PCI DSS 4.0 is now mandatory — what engineering teams need to build

On 31 March 2025, 51 PCI DSS requirements that had been sitting in a "best practice" holding pen became mandatory. If you process card payments and haven't done the engineering work yet, you're already non-compliant.

Most of the coverage around PCI DSS 4.0 has been compliance-focused. Auditors talking to auditors. But the hard part isn't understanding the requirements. It's building the systems that meet them. Here's what's actually involved from an engineering perspective.

MFA everywhere, not just for admins

Under 3.2.1, multi-factor authentication was only required for remote administrative access. Now it's required for all access to the cardholder data environment. Anyone who touches the CDE — developers, ops, support staff — needs MFA.

This isn't a policy change you can handle with a document update. It's infrastructure work. You need to integrate an identity provider, configure access controls per environment, and probably rethink how your team accesses production systems day to day.

If you're using a third-party vault or payment service provider and never touch cardholder data directly, this one might not apply to you. But if you're storing card data in-house, it's a significant build.

Payment page scripts need an inventory

Requirements 6.4 and 11.6 are the ones that will catch people out. You now need a documented inventory of every script running on your payment pages. That analytics tag, the chat widget, the retargeting pixel — all of them need to be explicitly authorised. And you need a mechanism to detect when something unauthorised loads.

This is the requirement that closes the door on Magecart-style attacks — those skimming scripts that inject themselves into checkout pages and quietly siphon card data from the browser. The PCI Council saw enough of those incidents to make this mandatory.

In practice, this means Content Security Policy headers, Subresource Integrity checks, and runtime monitoring on your payment pages. If you've been loading third-party scripts loosely on checkout, that stops now.

Passwords get longer

Minimum password length goes from 7 to 12 characters. If your system still enforces 8-character minimums, that needs updating. Not complicated, but it touches authentication flows, validation logic, and user-facing copy.

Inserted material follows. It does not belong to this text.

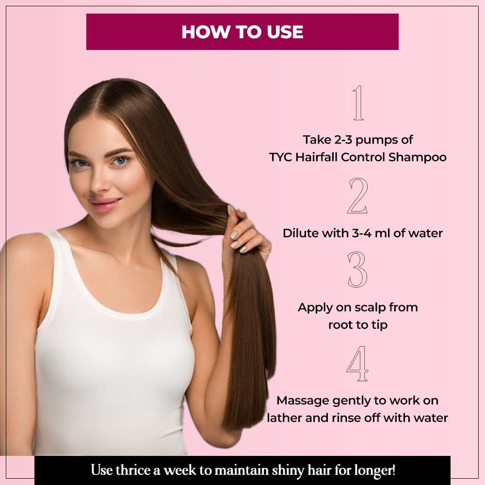 Struggling with hairfall? Look no further – TYC Hairfall Control Shampoo is here to rescue! This potent combination of scientific and ayurvedic ingredients strengthens and protects your hair from pollution, environmental aggressors and stress-induced hair damage.

The kind of change that's easy to spec and annoying to ship across every service that handles credentials.

Continuous risk analysis replaces annual box-ticking

The old model was: do a risk assessment once a year, file it, move on. The new model requires a targeted risk analysis for any change to the environment. Add a new integration? Risk analysis. Change your hosting provider? Risk analysis.

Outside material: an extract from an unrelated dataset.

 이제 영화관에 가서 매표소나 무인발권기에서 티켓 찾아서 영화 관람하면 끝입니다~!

For engineering teams, this means building change management into your deployment pipeline more formally. It's not enough to have a CI/CD pipeline that runs tests. You need a documented process for evaluating whether infrastructure changes affect your PCI scope.

What this means if you're building payment systems

We work with payment processors and merchant service providers. The pattern we keep seeing is teams that treated PCI 4.0 as a future problem and are now scrambling. The requirements aren't unreasonable, but they're real engineering work. MFA integration, script monitoring, logging changes. None of it ships itself.

If you're in the middle of this, the practical move is to triage by risk. MFA and payment page script controls are the highest-impact requirements. Get those done first. Password length and risk analysis processes can follow.

The deadline has passed. The question now is how quickly you can close the gaps.